The extent of the known and unknown sequence space.
(A) Proportion of genes in the known and unknown. (B) Accumulation curves for the known and unknown sequence space at the GC- level for the metagenomic and genomic data. from TARA, MALASPINA, OSD2014 and HMP-I/II projects. (C) Collector curves comparing the human and marine biomes. Colored lines represented the mean of 1000 permutations and shaded in gray the standard deviation. Non-abundant singleton clusters were excluded from the accumulation curves calculation. (D) Amino acid distribution in the known and unknown sequence space. In all cases, the four categories have been simplified as known (K, KWP) and unknown (GU, EU).
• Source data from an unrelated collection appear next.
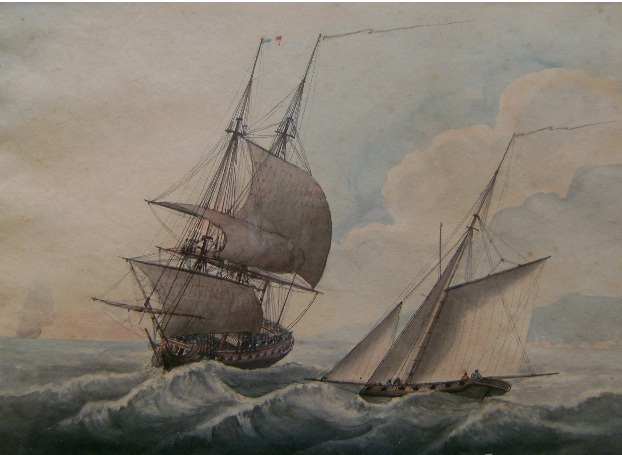 "Frigate in a swell" by Samuel Atkins (active 1787-1808).
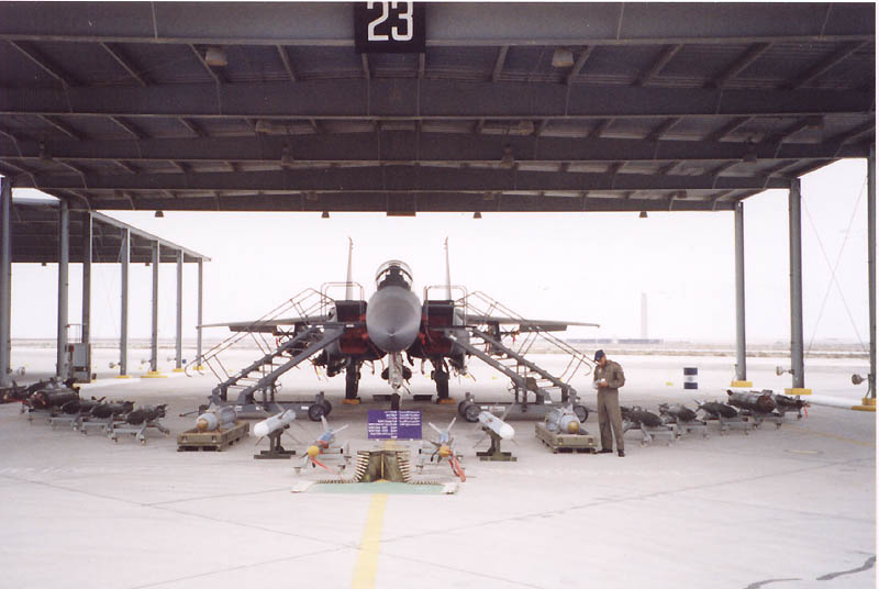 Boeing F-15S Eagle, the strike fighter of the RSAF
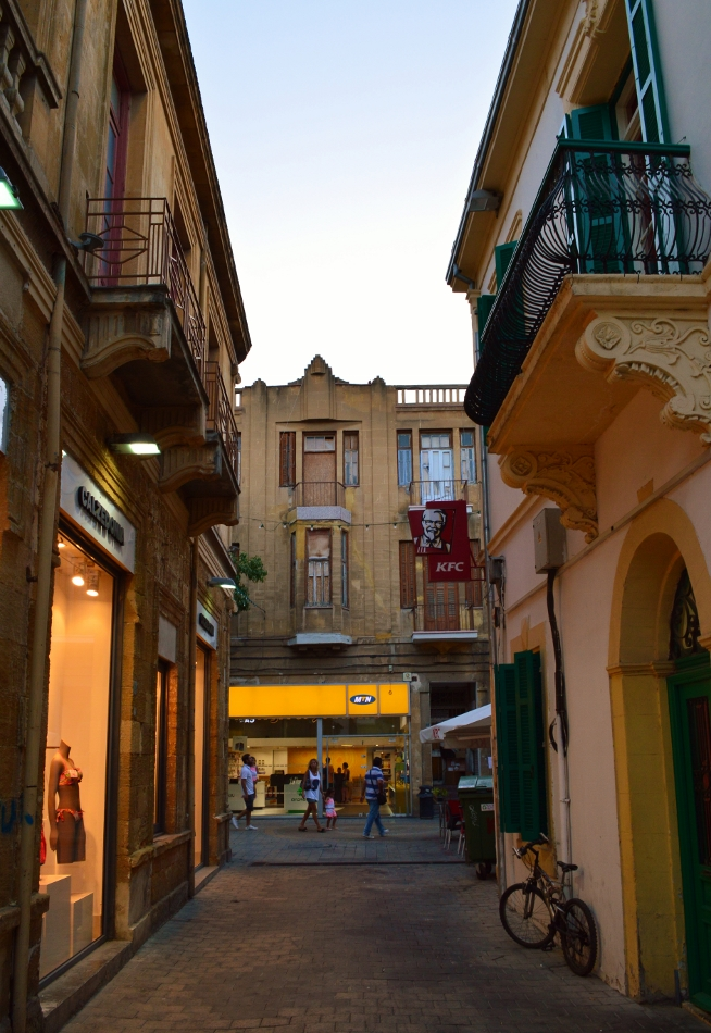 Socratous Street old Nicosia view towards Ledra Street Republic of Cyprus
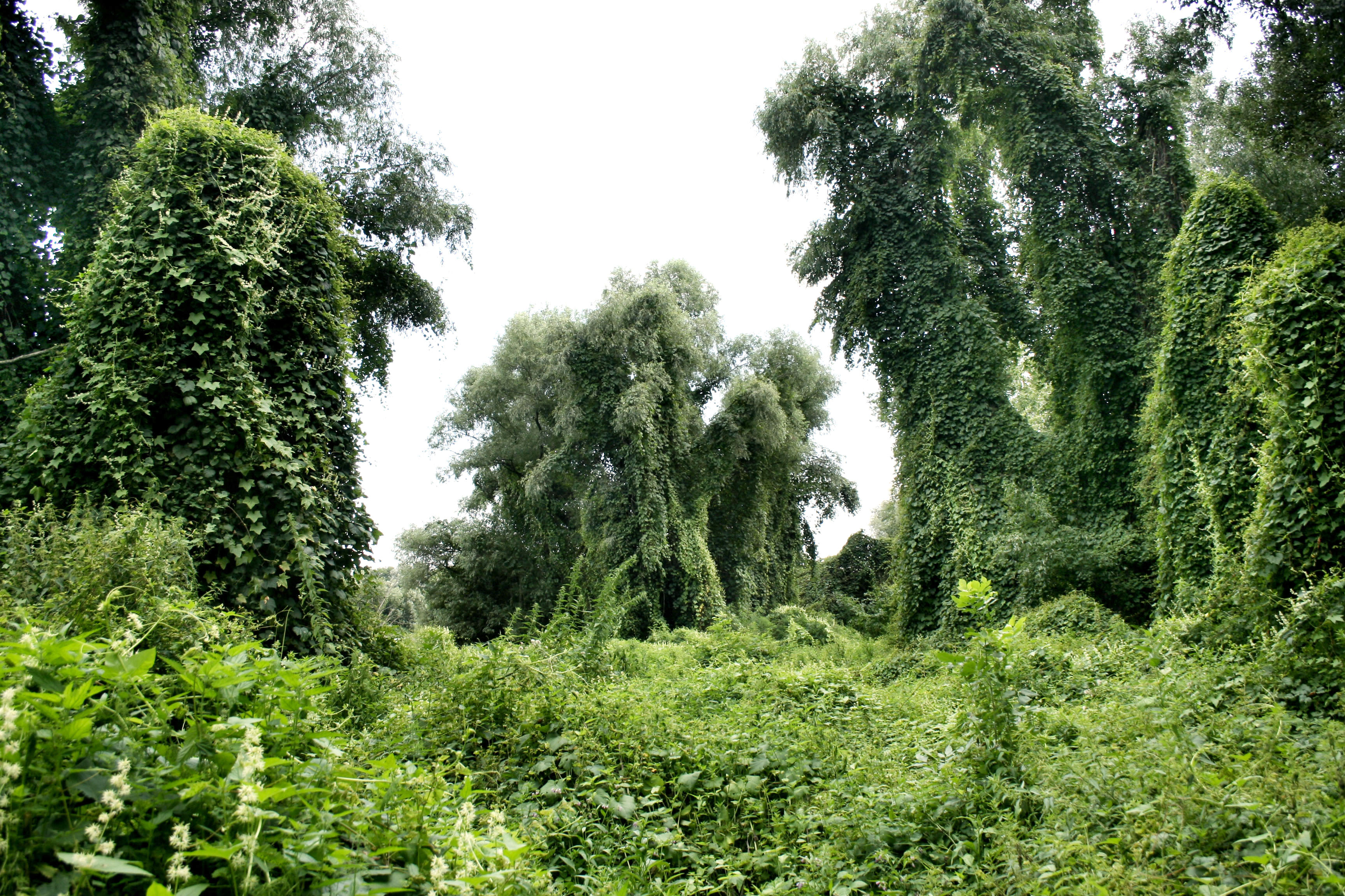 Tisza river, floodplain forests, Szeged, Hungary

Distribution of the unknown sequence space in the human and marine metagenomes.
(A) Ratio between the proportion of the number of genes and their estimated abundances per cluster category and biome. Columns represented in the facet depicts three cluster categories based on the size of the clusters. (B) Relationship between the ratio of Genomic unknowns and Environmental unknowns in the HMP-I/II metagenomes. Gastrointestinal tract metagenomes are enriched in Genomic unknown sequences compared to the other body sites. (C) Relationship between the ratio of Genomic unknowns and Environmental unknowns in the TARA Oceans metagenomes. Girus- and virus-enriched metagenomes show a higher proportion of both unknown sequences (genomic and environmental) than the Archaea|Bacteria enriched fractions. (D) Environmental distribution of GCs and GCCs based on Levin’s niche breadth index. We obtained the significance values after generating 100 null gene cluster abundance matrices using the quasiswap algorithm.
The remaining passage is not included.